6.The clinical application of the recovery time after ST segment depression for the diagnosis of coronary heart disease
Jingqi YANG ; Qinghua WU ; Wen SHEN ; Yu JIANG ; Jing CHEN ; Renqiang YANG
The Journal of Practical Medicine 2015;(18):2975-2977
Objective To investigate the clinical significance of the ST segment changing in treadmill exercise test positive for the diagnosis of coronary heart disease. Methods 133 patients (hospitalized from January 2014 to January 2015) with the ST segment depression≥0.1 mm in treadmill exercise test were retrospectively analyzed.
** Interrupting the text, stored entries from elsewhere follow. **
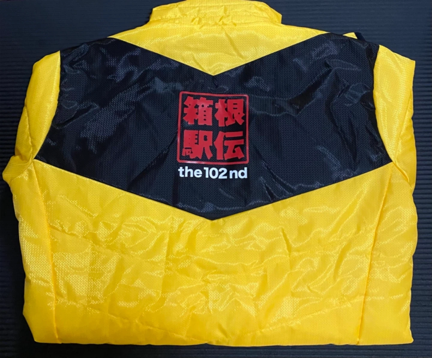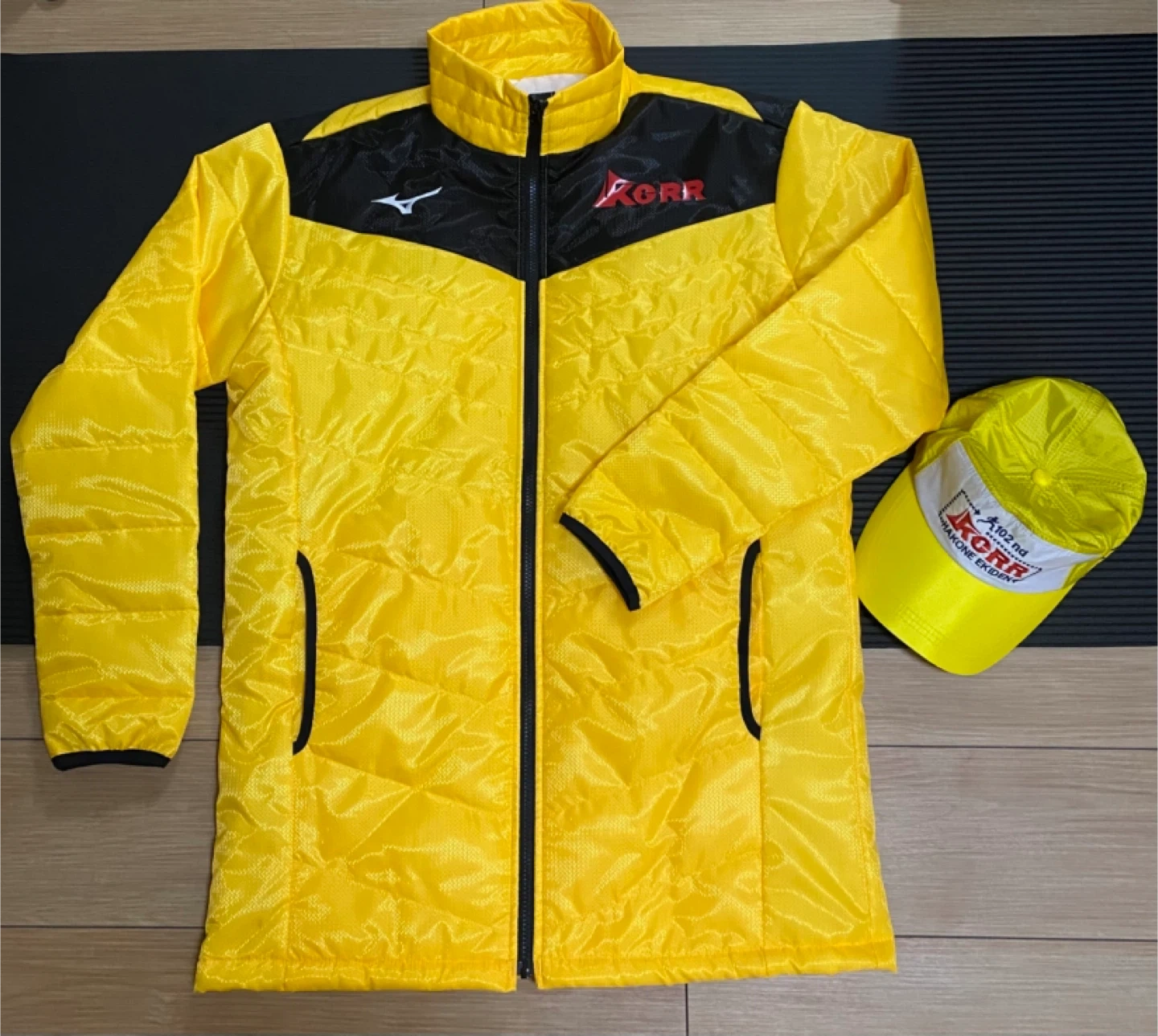 ミズノのベンチコートとキャップのセットです。 ・ブランド:ミズノ ・カラー:イエロー、ブラック ・サイズ:XL ・デザイン:102nd 箱根駅伝 ・状態:使用頻度は数時間です 身長170cmですが、太ももぐらいまできます。 あと帽子は後ろ調整できます。
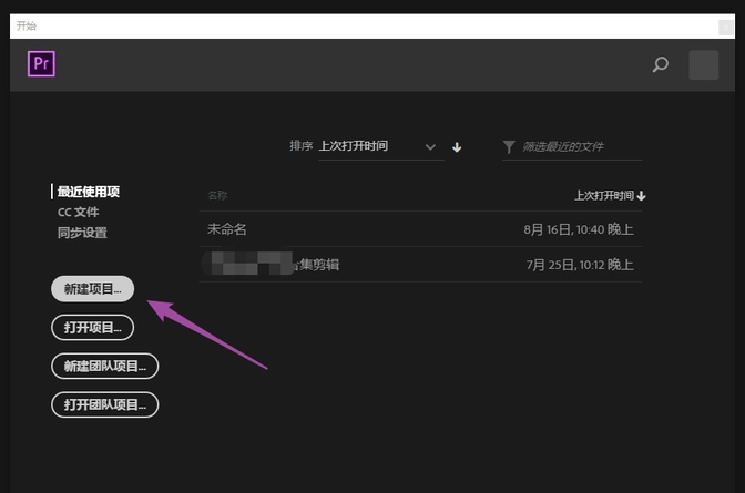 打开premiere软件,进入界面,如图,点击【新建项目】,创建一个剪辑样板,
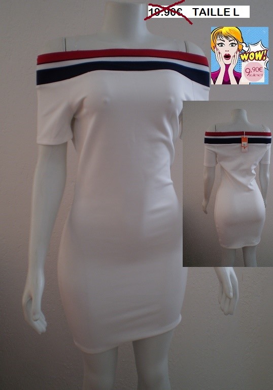 ROBE STRETCH BLANC EPALLES NUES SPORT TAILLE L
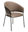 Cadeira de design moderno com assento e encosto estofados em pele sintética e as suas pernas em aço inoxidável
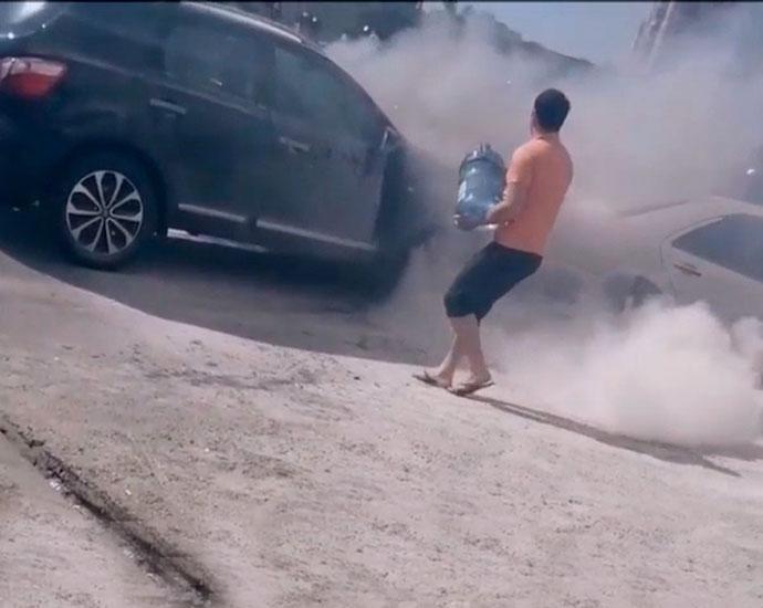 В Баку сгорела иномарка

Patients were divided into the observation group and the control group according to the coronary angiography (the dividing line is artery stenosis is more than 50% or not ). ST-segment depression margin and recovery time of the two groups were compared. ST-segment depression margin and recovery time of patients with different vascular lesion number were also analyzed. Results In 133 cases, 79 cases of coronary angiography were positive(59.4%). Positive rate of ST segment recovery time(> 90 s) was 76.9% in. The maximal ST-segment depression margin and recovery time in the observation group were more than the control group, the difference was statistically significant (P<0.05). Compared with the maximal ST segment depression margin in single-vessel stenosis group , the difference in the double-vessel and multi-vessel stenosis group was not statistically significant(P > 0.05). But in terms of ST-segment recovery time, the double-vessel and multivessel stenosis group were higher than the single-vessel stenosis group , and the difference was statistically significant (P< 0.05). Conclusion Clinically, patients with TET positive combined the ST segment depression and ST-segment recovery time are important hints for the diagnosis of coronary artery disease , and is worthy of promotion.